Security is a major concern in 2021, especially for organizations that deal with high-value and sensitive information. Whether you’re an organization looking to choose the best plugins for your WordPress site, or one that deals with sensitive client information that must be kept secure from keyloggers on phones or other computer systems, ensuring that you and your employees take the best security precautions is a mist.
This guide dives into five security measures that you can adopt to ensure that your organization’s data remains safe at all times.
Adopt A Rigorous Password Policy
Access to a computer workstation or a file using a user name and password is the first protection. The password must be individual, difficult to guess, and remain secret. It must not be written on any medium. The IT department or the IT manager must implement a rigorous password management policy: a password must contain at least eight characters, including numbers, letters, and special characters, and must be renewed frequently (for example, every three months). The system should force the user to choose a different password than the three previously used.
Usually assigned by the system administrator, the password must be changed by the user the first time he or she logs in. Finally, system and network administrators should be careful to change the passwords they use themselves.
Design A Procedure For Creating And Deleting User Accounts
Access to workstations and applications must be done using named user accounts, and not “generic” ones (accounting1, accounting2…), in order to be able to trace the actions done on a file and, thus, to make all the participants responsible. Indeed, “generic” accounts do not allow for the precise identification of a person. This rule must also apply to the accounts of the system and network administrators and other agents responsible for operating the information system.
Securing Workstations

Agent workstations should be set to automatically lock after a period of inactivity (10 minutes maximum); users should also be encouraged to systematically lock their workstations when they leave their desks. These provisions are likely to limit the risks of fraudulent use of an application in the event of the agent’s temporary absence from the workstation concerned. In addition, it is strongly recommended to control the use of USB ports on “sensitive” workstations, prohibiting, for example, the copying of all the data contained in a file.
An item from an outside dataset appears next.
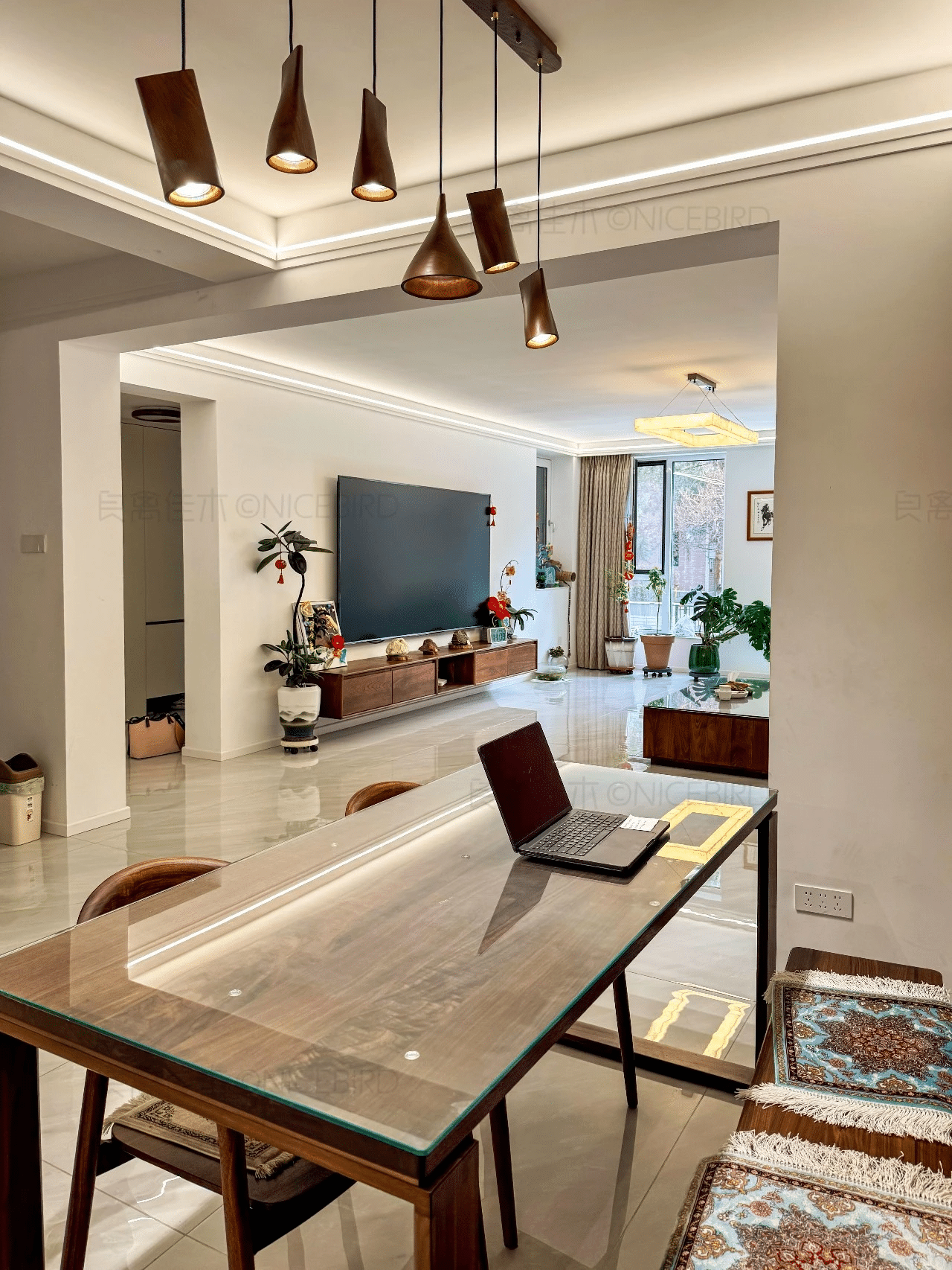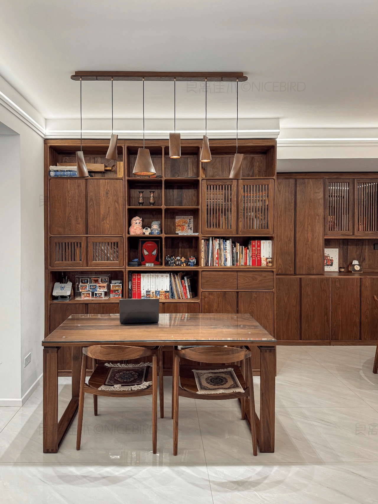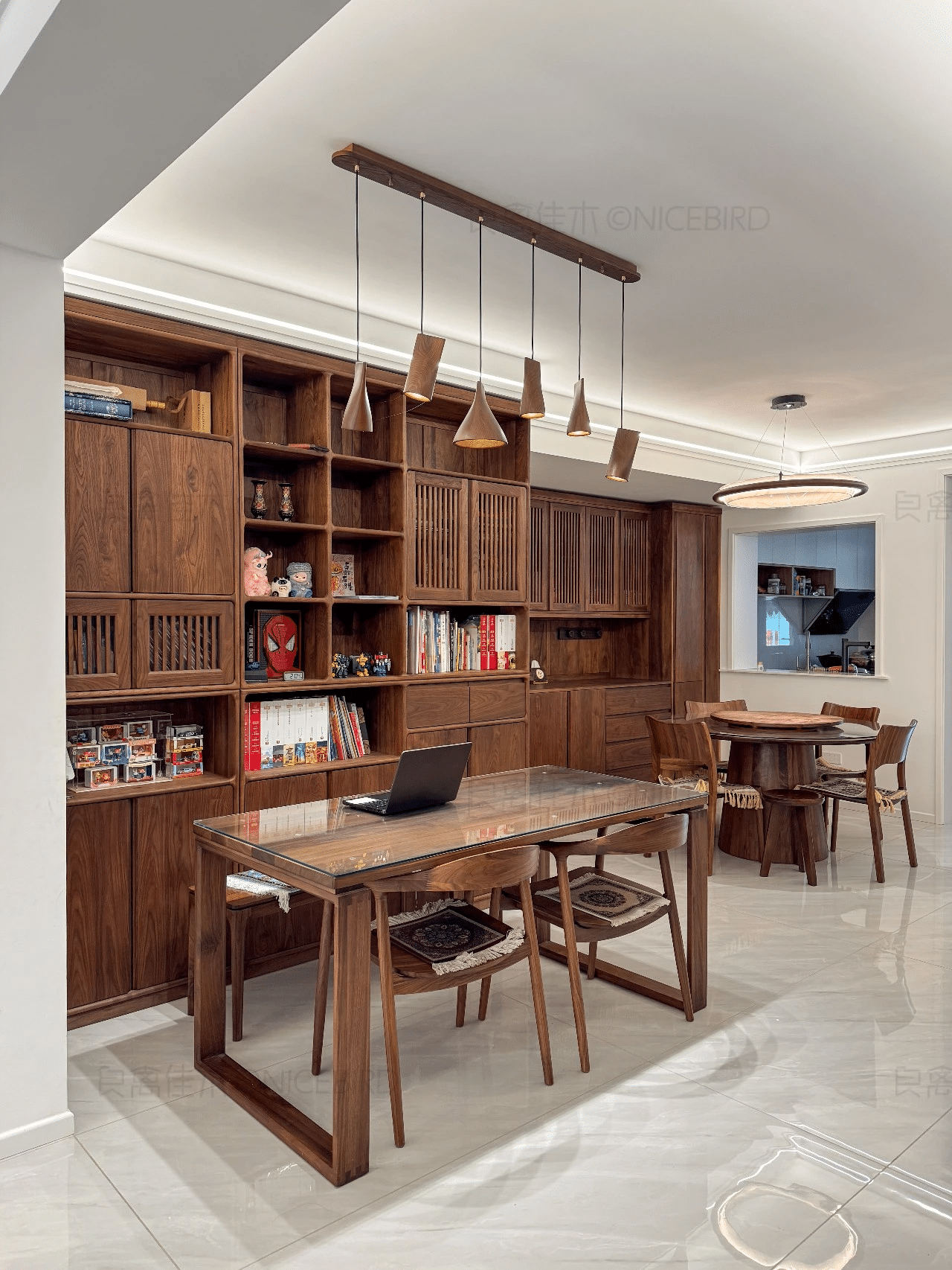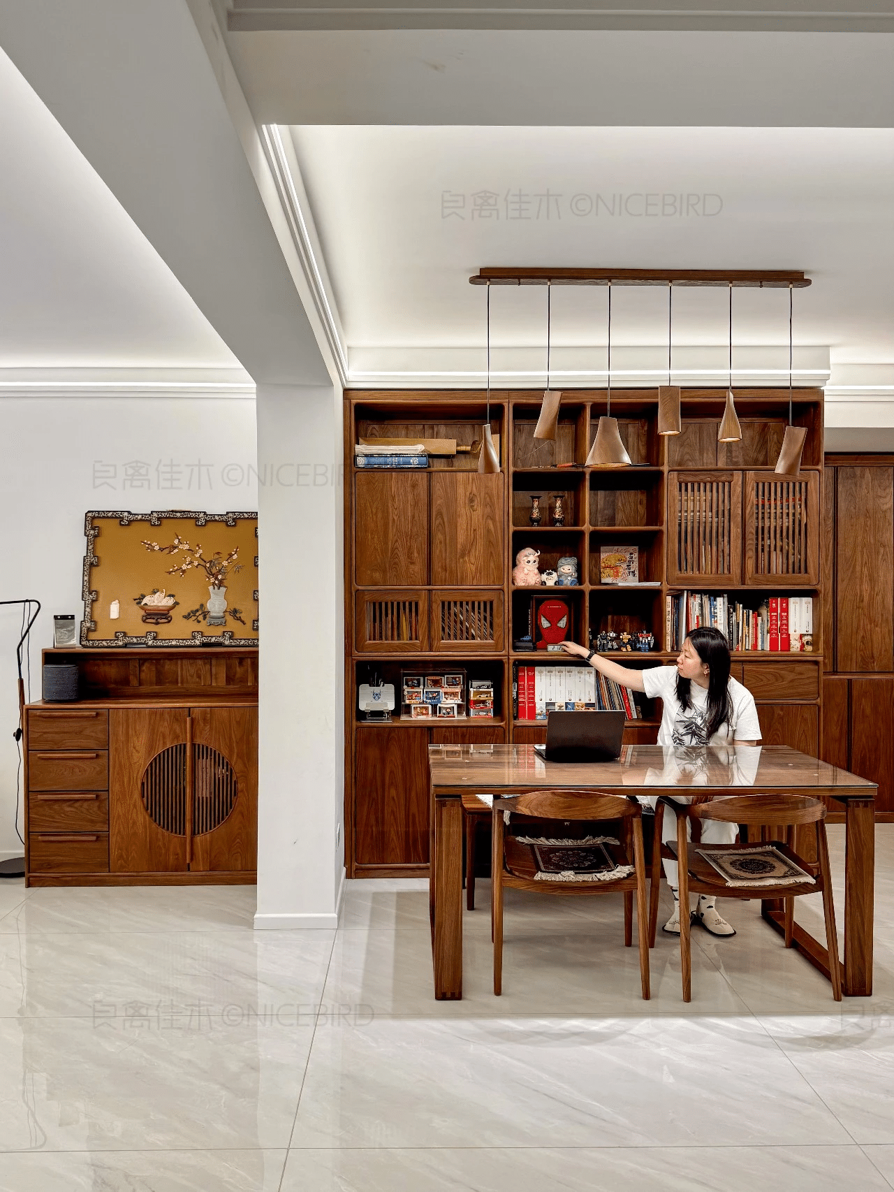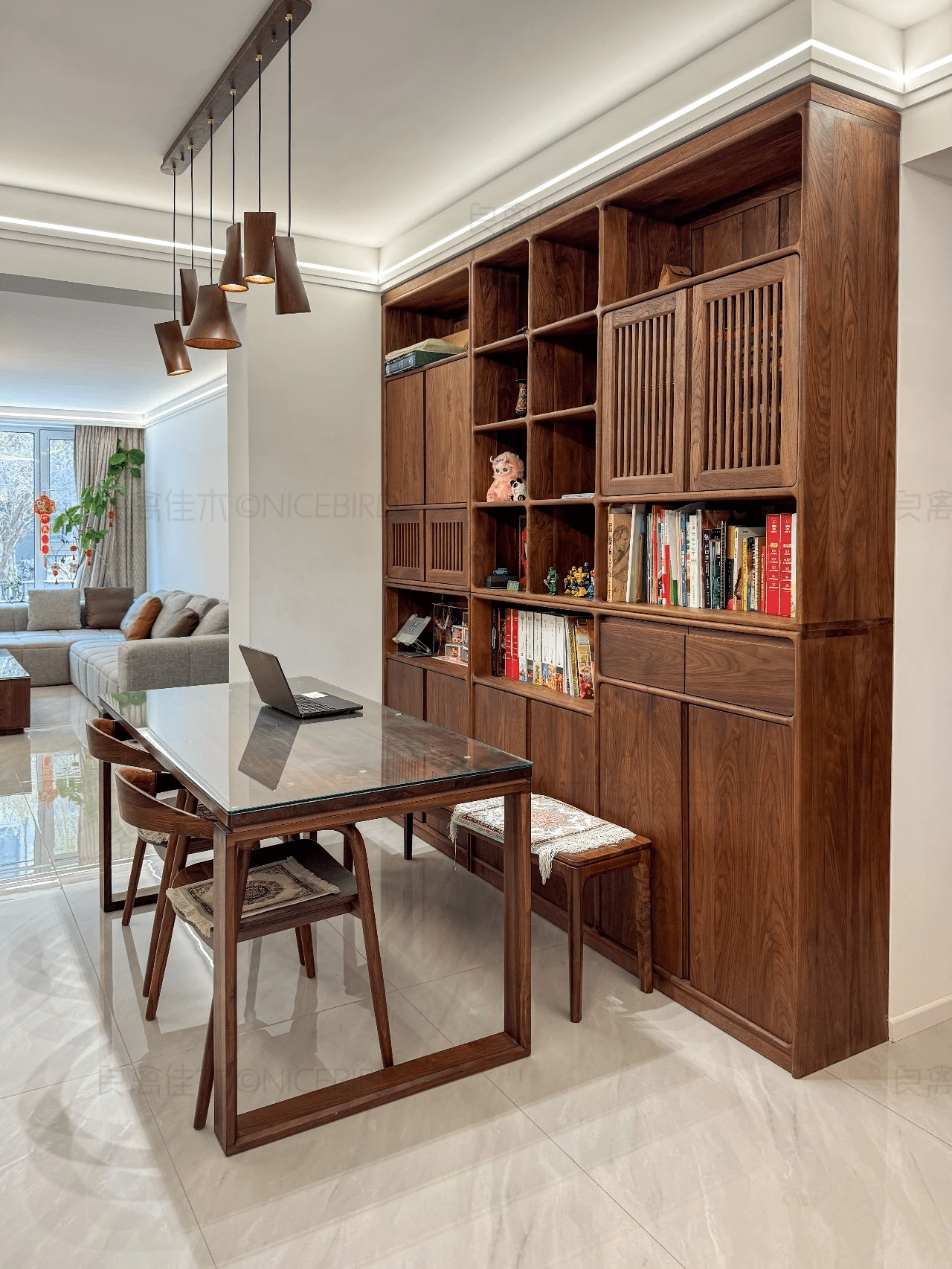 质感无敌小户型无主灯书房+客厅+餐厅 看了好几家最终选择了良禽。质感无敌期待入住E宗 。]r

Identify Precisely Who Can Access The Files.
Access to personal data processed in a file must be limited to only those persons who can legitimately access it for the performance of the tasks entrusted to them. The “clearance profile” of the employee concerned depends on this analysis. For each movement or new assignment of an employee to a position, the line manager concerned must identify the file or files to which the employee needs access and update his or her access rights. It is, therefore, necessary to periodically check the application profiles and access rights to directories on the servers to ensure that the rights offered are appropriate to the actual duties performed by each person.
Ensure Data Confidentiality With Respect To Service Providers
The interventions of the various subcontractors of a data controller’s information system must present sufficient guarantees in terms of security and confidentiality with regard to the data to which they may, if necessary, have access. The law thus requires that a confidentiality clause be included in subcontracting contracts. Any work done by a service provider on databases must be carried out in the presence of an IT department employee and recorded in a register. Data that may be considered “sensitive” under the law, such as health data or data relating to means of payment, must also be encrypted.
“Note: the system and network administrator does not necessarily have access to all of the organization’s data. However, they need access to platforms or databases to administer and maintain them. By encrypting the data with a key that is not known to the administrator, and that is held by someone who does not have access to the data (the security manager, for example), the administrator can carry out his or her missions, and confidentiality is respected.
In Conclusion
As you can see, keeping your organization’s data secure is of primary importance in 2021, especially given the scale at which spying and hacking tools are becoming more advanced and widespread. As a result, you must know how to detect and remove a keylogger from your employees’ phones or any other devices.
Most importantly, education and training are key to ensure that your employees don’t make some common security mistakes that can land your company in big trouble.